Storing jpg images into a pdf file in a "lossless" way


Given a directory with several jpg files (photos), I would like to create a single pdf file with one photo per page. However, I would like the photos to be stored in the pdf file unchanged; i.e., I would like to avoid decoding and recoding. So ideally I would like to be able to extract the original jpg files (maybe minus the metadata) from the pdf file, using, e.g., a linux command line too like pdfimages.

My ideas so far:

  • imagemagick convert. However, I am confused by the compression options: If I choose 100% quality, does it mean that the jpg is internally decoded, and then encoded lossless? (Which is obviously not what I want?)
  • pdflatex. Some people claim that the graphics package includes images lossless, while other dispute that. In any case, pdflatex would be slightly more cumbersome (I would first have to find out the dimensions of the photos, then set the page size accordingly, make sure that ther are no margins, headers etc etc).

Solution

  • You could use the following small script which relies on HexaPDF (note: I'm the author of HexaPDF) to do this.
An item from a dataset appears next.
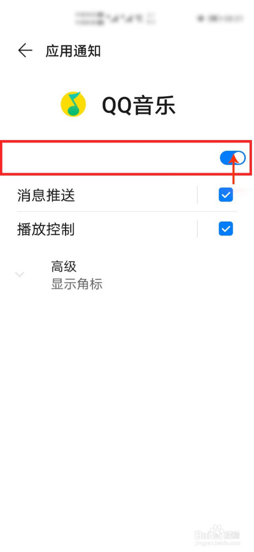 7、点击QQ音乐应用通知按钮封闭即可设置完当作。

    Note: Make sure you have Ruby 2.4 installed, then run gem install hexapdf to install hexapdf.

    Here is the script:

    require 'hexapdf'
    
    doc = HexaPDF::Document.new
    
    ARGV.each do |image_file|
      image = doc.images.add(image_file)
      page = doc.pages.add
      iw = image.info.width.to_f
      ih = image.info.height.to_f                                                                                                                             
      pw = page.box(:media).width.to_f
      ph = page.box(:media).height.to_f
      rw, rh = pw / iw, ph / ih
      ratio = [rw, rh].min
      iw, ih = iw * ratio, ih * ratio
      x, y = (pw - iw) / 2, (ph - ih) / 2
      page.canvas.image(image, at: [x, y], width: iw, height: ih)
    end
    
    doc.write('images.pdf')
    

    Just supply the images as arguments on the command line, the output file will be named images.pdf. Most of the code deals with centering and scaling the images to nicely fit onto the pages.